Setelah menjadi pembalap MotoGP pertama yang menang dengan tiga pabrikan berbeda, Maverick Vinales tampak siap untuk mengambil posisi 'kapten' Aprilia - bersama dengan pembalap baru Jorge Martin - setelah Aleix Espargaro memutuskan pensiun.

Namun, Vinales secara mengejutkan pindah ke Tech3 KTM untuk tahun 2025, yang mendorong Aprilia untuk merekrut Marco Bezzecchi sebagai penggantinya.

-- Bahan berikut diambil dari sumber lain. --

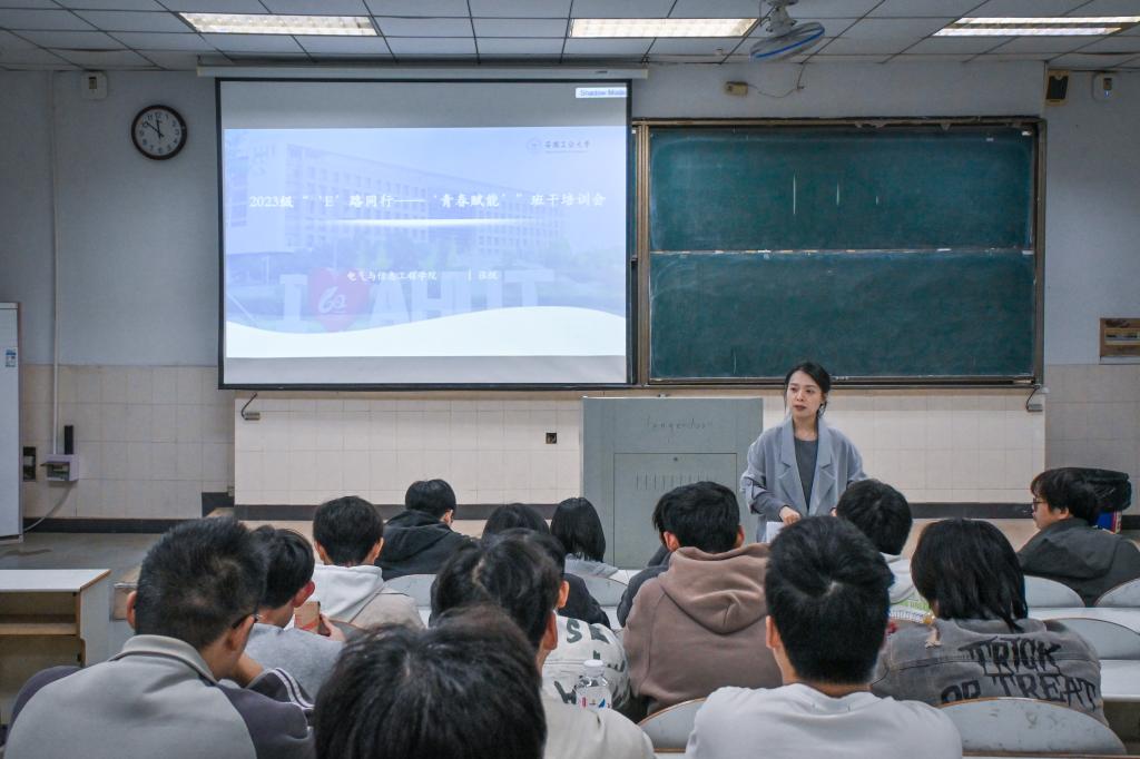 在秀山校区阶教203组织召开2023级“‘E’路同行——‘青春赋能’”班团骨干培训会第四期。本次培训聚焦“心理护航、学业协同、职业领航”三大主题,围绕大三学年关键节点开展专项赋能。2023级全体辅导员及各班班委参会,培训由张悦主持。
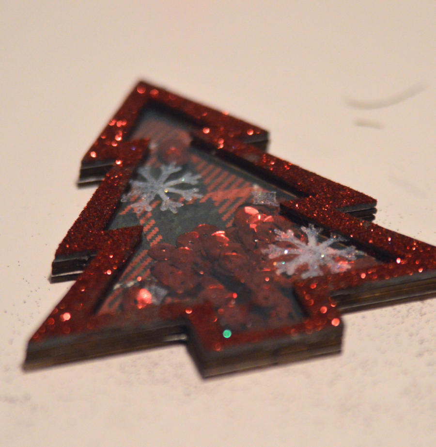 I layered the chipboard onto the base, then put a tsp of sequins in.
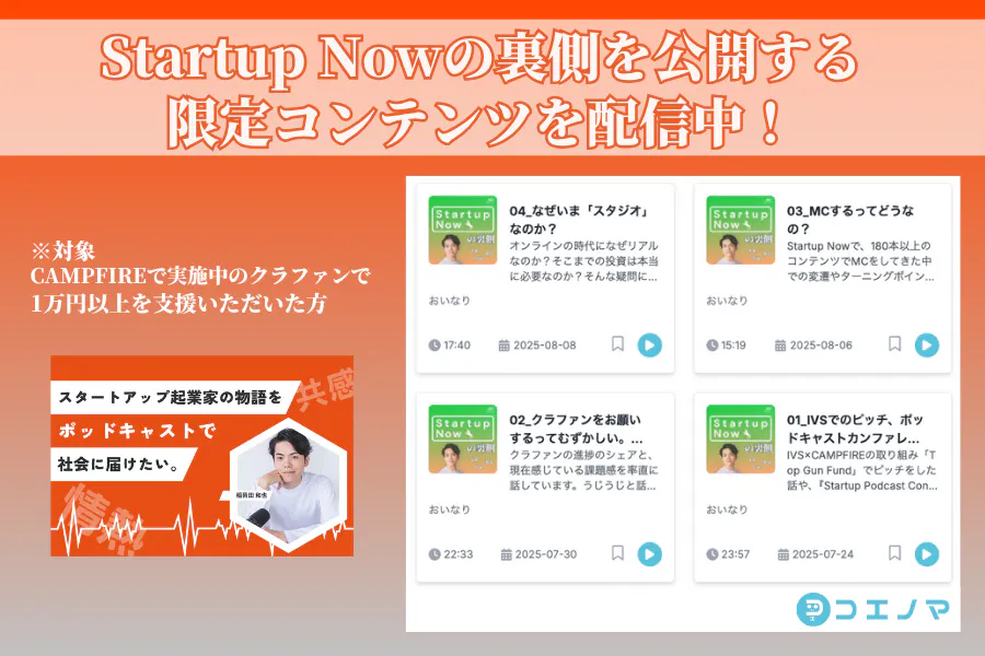 そこで、1万円以上支援いただいたを対象に【限定配信コンテンツ】をお渡ししております。外では言えない、Startup Now運営のリアルな心境、どんな工夫を凝らしているのか、今後はどう成長していこうとしているのか等を、音声の限定配信ツール「コエノマ」を通じて届けてみようと考えています。
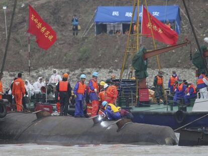 Los equipos de rescate han localizado ya 18 cuerpos, 426 personas siguen desaparecidas en el río Yangtsé tras el naufragio del "Estrella de Oriente"
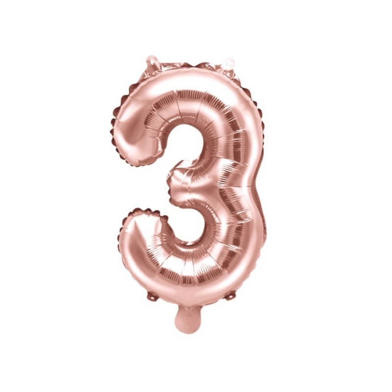 Palloncino foil numero 3 colore oro rosa. Gonfiare ad aria utilizzando una pompetta o una semplice cannuccia (non è inviato gonfiato).
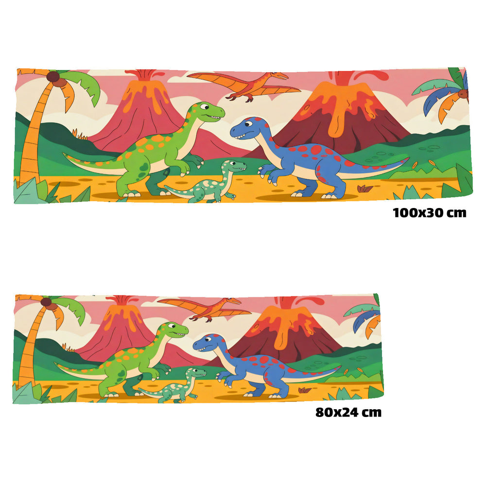 - Dieses Eishandtuch entführt Sie in die lebendige Welt der Dinosaurier! Mit einem grünen und blauen Dinosaurier im Vordergrund, die spielerisch posieren und einem Vulkan, der Lava speit, bietet es ein aufregendes Motiv. Umrahmt von üppigen Pflanzen und Palmen ist es ein echtes Highlight für Dino-Fans!
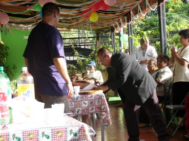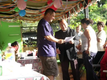 ...dann überreichte mir der Bischof noch ein Holzkreuz aus seinem Arbeitszimmer. Das Kreuz in Verbindung mit den Abendmahlssymbolen, Brot und Kelch... Dann folgten meine Abschiedsworte, die doch deutlich länger waren, als die paar Brocken, die ich zu meinem Einstand von mir geben konnte (hab schon auch ganz schön Spanisch gelernt in diesem Jahr...)
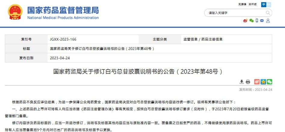 國家藥監(jiān)局關于修訂白芍總苷膠囊說明書的公告(2023年第48號)
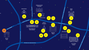Locaţia principală a Spotlight 2022 este Calea Victoriei, între Cercul Militar Naţional şi Ateneul Român. Între 14 şi 16 octombrie, în fiecare seară între orele 19.00 şi 23.00, traseul festivalului de pe Calea Victoriei este animat de personaje 3D, instalaţii interactive, proiecții de video mapping şi lucrări de VR.
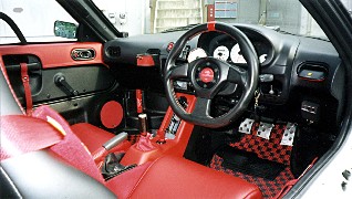 カラーリングはノーマルの赤・黒を基調とし、コンソール等はスウェード調スプレーで塗装しています。本皮シートは乗り心地、タッチ共に上々です。ちなみに費用は2脚セットで12万円といったところで安い方だと思います。

Bezzecchi kemudian memberikan Aprilia musim MotoGP terbaiknya, mencetak tiga kemenangan grand prix, tiga kemenangan Sprint, dan finis ketiga di kejuaraan.

Sementara itu, Vinales mengambil inisiatif pada hari-hari pertamanya di KTM, membantu mengarahkan proyek tersebut melewati masa sulit pasca krisis keuangan musim dingin.

Pembalap Spanyol itu mengejutkan dengan membawa RC16 memimpin balapan di Qatar, hanya untuk kemudian kehilangan posisi kedua karena penalti tekanan ban.

Namun, ia telah menunjukkan kemampuan KTM, memberikan dorongan moral yang sangat dibutuhkan bagi proyek tersebut.

Pedro Acosta kemudian mengambil alih peran tersebut, memberikan podium yang konsisten di paruh kedua musim untuk mencapai posisi keempat di kejuaraan dunia.

Sementara itu, kampanye Vinales sendiri hancur karena cedera bahu di Sachsenring.

Pindah dari Aprilia ke KTM bukanlah langkah besar pertama dalam karier Vinales, setelah meninggalkan Suzuki untuk Yamaha pada tahun 2017, kemudian berpisah dari Yamaha pada pertengahan tahun 2021.

“Selalu sulit jika menyangkut masa depan,” kata Vinales kepada GPone.com. “Ketika saya meninggalkan Yamaha, saya menyesalinya. 

"Itu adalah jumlah uang yang besar, tetapi jika dilihat kembali, saya bisa mengatakan bahwa saya beruntung, dan sekarang saya tidak mengeluh.

“Dari segi olahraga, itu mungkin keputusan yang tepat. Saya mengendarai Aprilia yang terus berkembang, dan pada tahun 2023-2024, saya tidak akan secepat bersama Yamaha seperti saat bersama Aprilia.

“Saya tidak menyesal tentang Aprilia, kami hanya berpisah.

“Memang benar, mereka telah menandatangani kontrak dengan Jorge [Martin], tetapi bukan hanya itu, itu adalah saat di mana saya perlu melihat sesuatu yang lain.”

Terkejut dengan kepindahan Sterlacchini

Perekrutan besar lain dilakukan oleh Aprila dengan menggaet Fabiano Sterlacchini dari KTM sebagai Technical Director baru mereka menyusul kepindahan Romano Albesiano ke Honda, mengejutkan Vinales.

“Tidak ada penyesalan, meskipun ketika kami pergi ke KTM, mereka masih memiliki Sterlacchini, dan kemudian dia pergi ke mereka,” kata Vinales.

“Jadi kami membuat keputusan sebelumnya tanpa mengetahui apa yang akan terjadi di masa depan. Tidak ada yang memberi tahu saya bahwa dia akan pergi.

“Kemudian ada kesulitan tahun lalu. KTM tidak memberi tahu kami apa pun. Saya tidak tahu apakah mereka tahu, tetapi kami tidak tahu.

“Jadi kami membuat pilihan ini, mencari tim yang bagus. Kami tidak tahu semua pergerakannya, tetapi pada akhirnya, saya tidak menyesali keputusan tersebut.”

Vinales meraih kemenangan MotoGP pertamanya bersama Suzuki, delapan kemenangan lagi bersama Yamaha, dan satu kemenangan bersama Aprilia.

Hasil terbaiknya bersama KTM adalah posisi keempat, tetapi ia meninggalkan balapan pembuka musim 2026 tanpa poin di Buriram.